**Work to be completed**. Among the lines below, output only those between the line holding "НОВОСТИ: Российская Федерация" and the line holding "ولا يرتفع الحجر", inclusive, exactly as written and with no pictures.

**Dataset**.
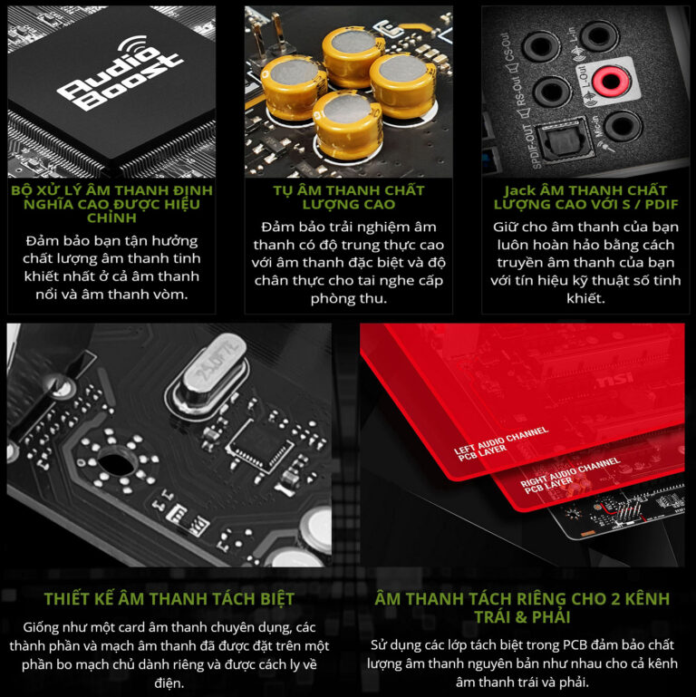 MSI Gen 4 PCI-E là giải pháp truyền dữ liệu PCI-E mới nhất và nhanh nhất với băng thông truyền một chiều 64GB/giây đã tăng gấp đôi so với thế hệ trước. PCIe 4.0 duy trì cả khả năng tương thích ngược. Tối ưu hóa bằng thiết kế áo giáp thép và PCB cấp máy chủ, bạn có thể tận hưởng các thiết bị thế hệ tiếp theo mà không có bất kỳ sự chậm trễ nào.
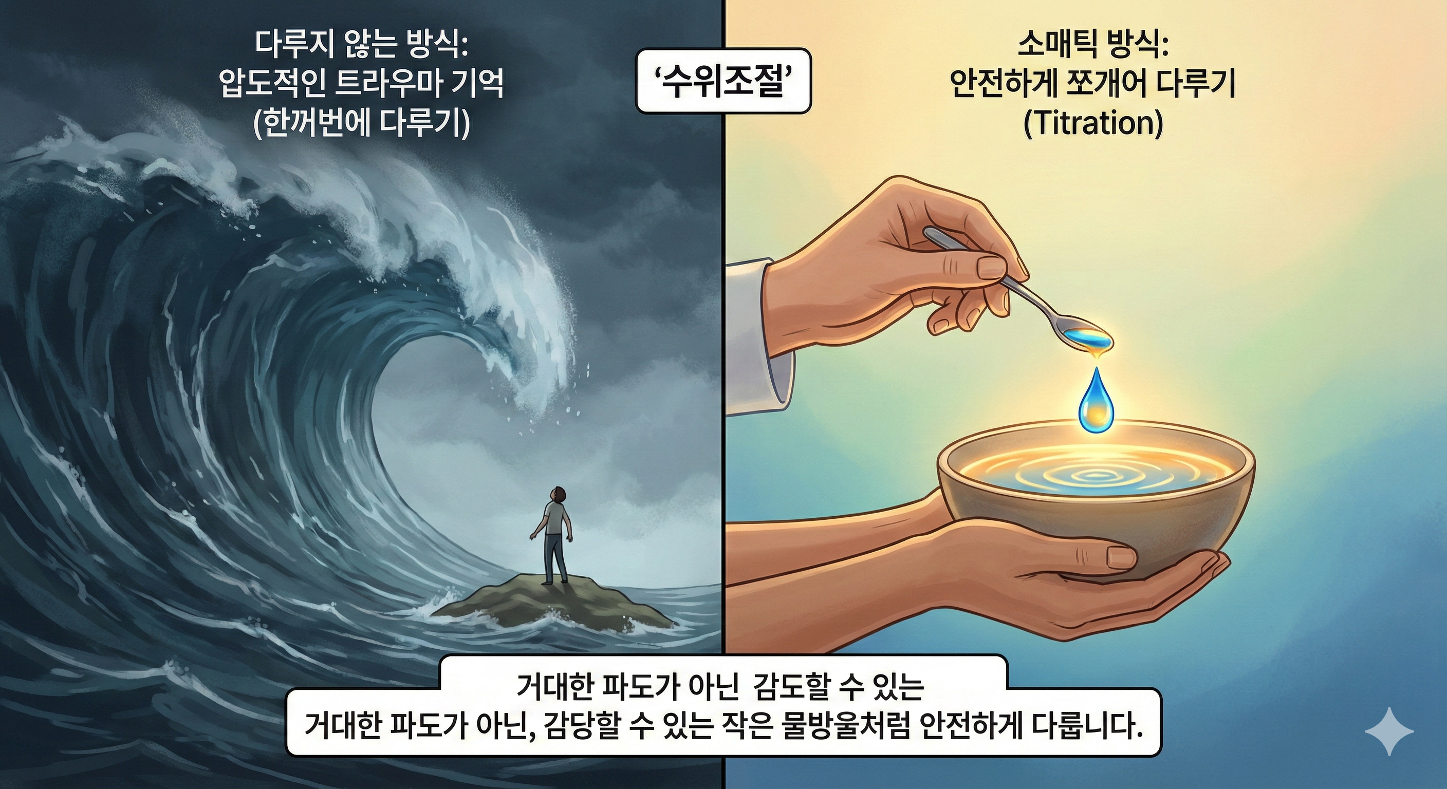 거대한 쓰나미 같은 트라우마 기억을 절대로 한꺼번에 다루지 않습니다. 마치 아주 뜨거운 국물을 한 방울씩 식혀서 맛보듯, 트라우마의 에너지를 아주 작은 단위로 쪼개어 다룹니다. 이렇게 조금씩 다룰 때 우리의 신경계는 그것에 압도당하지 않고 그 에너지를 안전하게 해소할 수 있습니다.
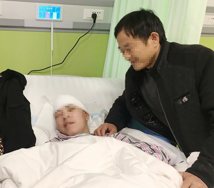 2013年,孙女士再次出现头晕、迷糊的状况,送往医院检查发现右侧额部肿瘤复发,大小约5.5*6.2cm。孙女士同丈夫带上所有积蓄和借款,再次来到大医院行开颅探查肿物切除术。术后,孙女士出现左侧肢体瘫痪,家里的重担一下子全压在了这个男人身上,除了要给妻子端水喂饭,还要筹集女儿的学费、生活费……
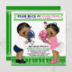 Football gender reveal baby shower invitations with adorable African American ethnic baby boy and baby girl wearing football outfits on a cute football field background. You can easily customise this cute football gender reveal invitation for your event by simply adding your details.
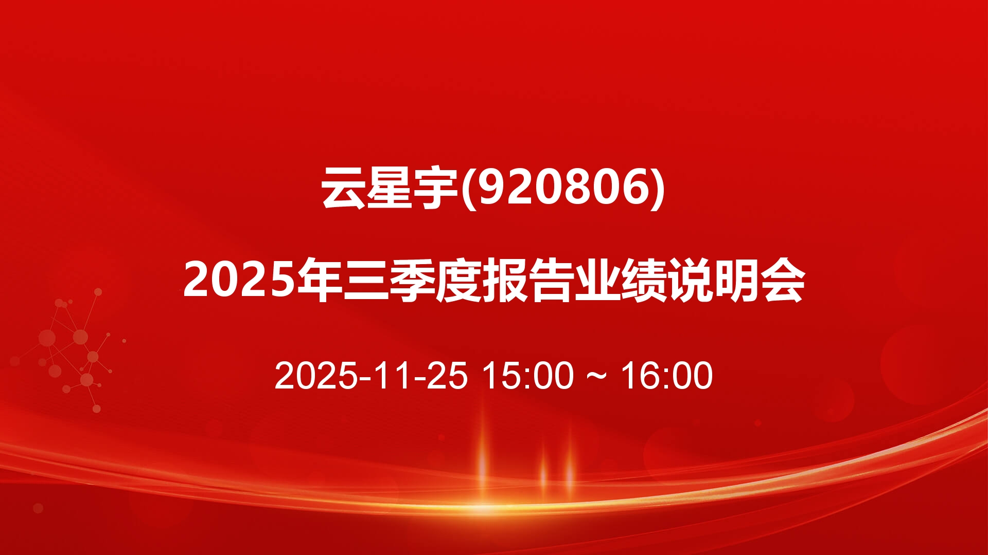 云星宇2025年三季度报告业绩说明会
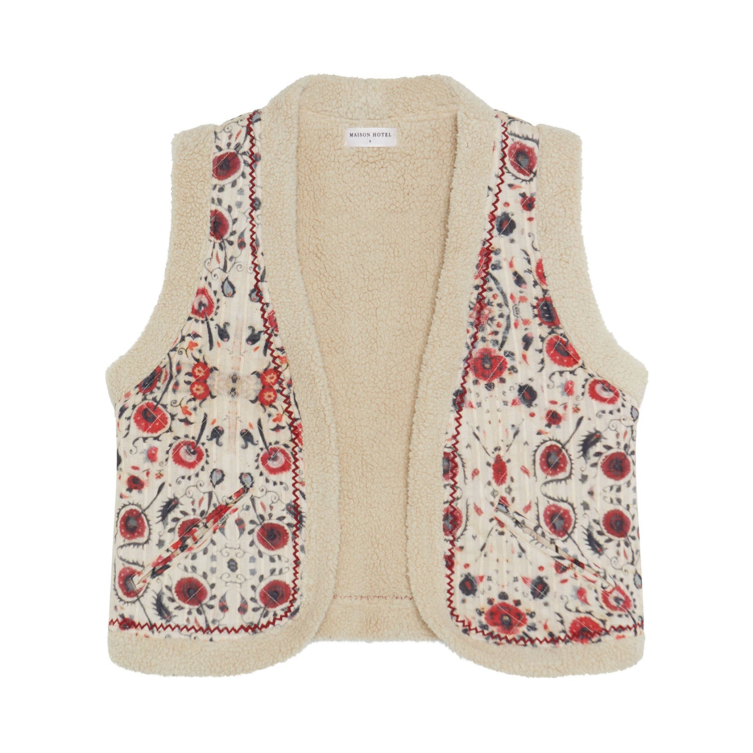 Crafted from quilted cotton dobby, this piece features a vintage-inspired print of blooming reds and earthy motifs set against a soft, pale background. Lined with cosy shearling, it offers warmth with a touch of nostalgic charm, like a timeless tapestry gently softened by years. Please note, this brand tends to run on the smaller side, so consider sizing up for the perfect fit.
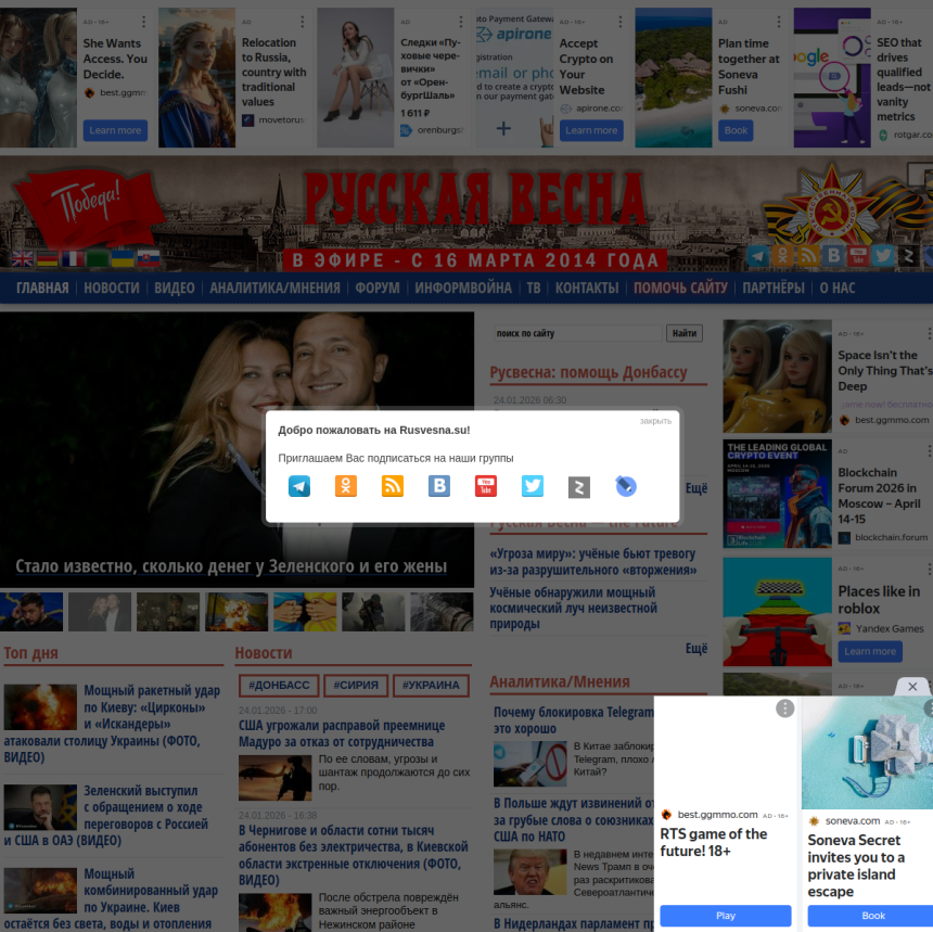 НОВОСТИ: Российская Федерация Вся Россия в новостях в категории: основные рубрики и общие темыПоследние новости от rusvesna.suАльтернативная лента новостейЗапасная лента новостей | ||
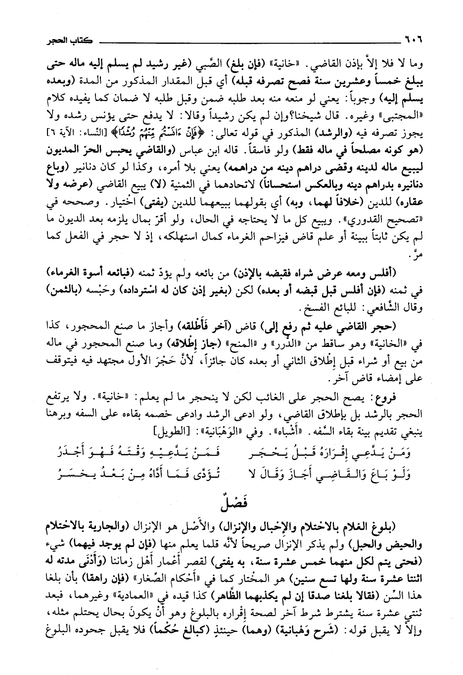 ولا يرتفع الحجر بالرشد بل بإطلاق القاضي، ولو ادعى الرشد وادعى خصمه بقاءه على السفه وبرهنا ينبغي تقديم بينة بقاء السفه.
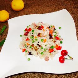 7. Add diced colored peppers and blanched peas and stir-fry before serving.
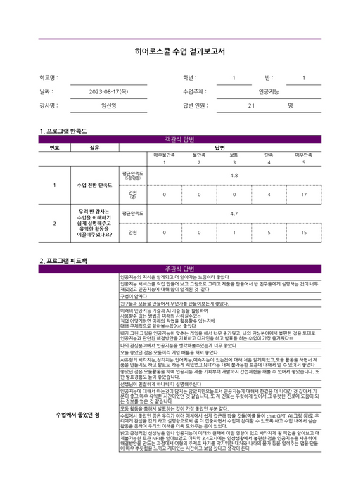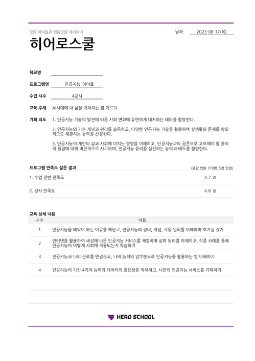 *학생이 개별 수행 프로그램으로 히어로스쿨 강사가 출강하지 않습니다.
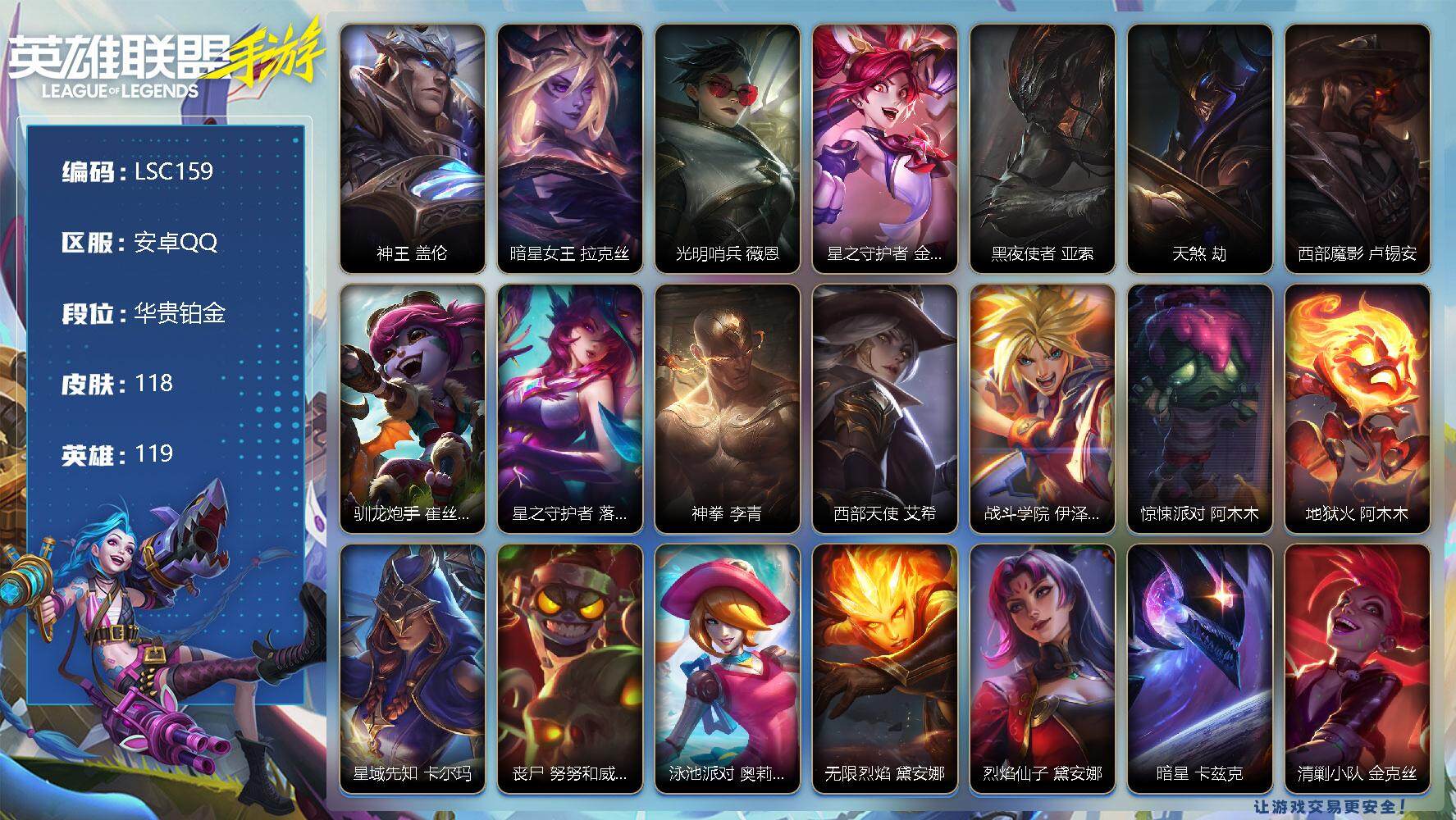 【LSC159】119英雄/118皮肤/11传说/49史诗/华贵铂金/神王 盖伦/暗星女王 拉克丝/光明哨兵 薇恩/星之守护者 金克丝/黑夜使者 亚索/天煞 劫/西部魔影 卢锡安/驯龙炮手 崔丝塔娜/星之守护者 落 霞/神拳 李青/西部天使 艾希/战斗学院 伊泽瑞尔/惊悚派对 阿木木/地狱火 阿木木/星域先知 卡尔玛/丧尸 努努和威朗普/泳池派对 奥莉安娜/无限烈焰 黛安娜/烈焰仙子 黛安娜/暗星 卡兹克/清剿小队 金克丝/猛虎 布隆/灭迹行者 烬/东恒之曜 奥瑞利安·索尔/弹幕天使 卡莎/K/DA ALL OUT 伊芙琳/源计划:暗影 阿卡丽/源计划:火 菲奥娜/玉剑传说 无双 菲奥娜/战英雄联盟手游 - 安卓QQ -
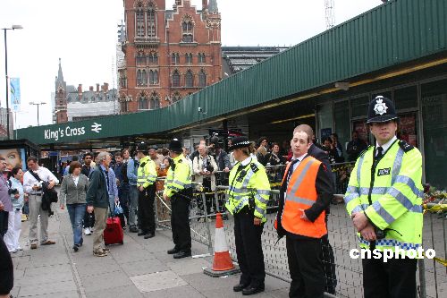 當(dāng)?shù)貢r(shí)間七月九日,在倫敦國(guó)王十字地鐵站前,仍有大批警察戒備。作者:齊彬
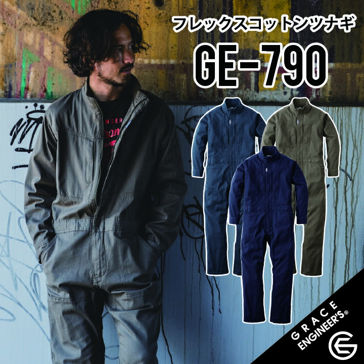 GRACE ENGINEER'S GE-677 グリッドエアーツナギ 生地全体から清涼感を感じられる、涼しい軽量ツナギ。 ヒップオープン機能で、お手洗い時のストレスからも解放されます。

**Exercise output**.
 НОВОСТИ: Российская Федерация Вся Россия в новостях в категории: основные рубрики и общие темыПоследние новости от rusvesna.suАльтернативная лента новостейЗапасная лента новостей | ||
 ولا يرتفع الحجر بالرشد بل بإطلاق القاضي، ولو ادعى الرشد وادعى خصمه بقاءه على السفه وبرهنا ينبغي تقديم بينة بقاء السفه.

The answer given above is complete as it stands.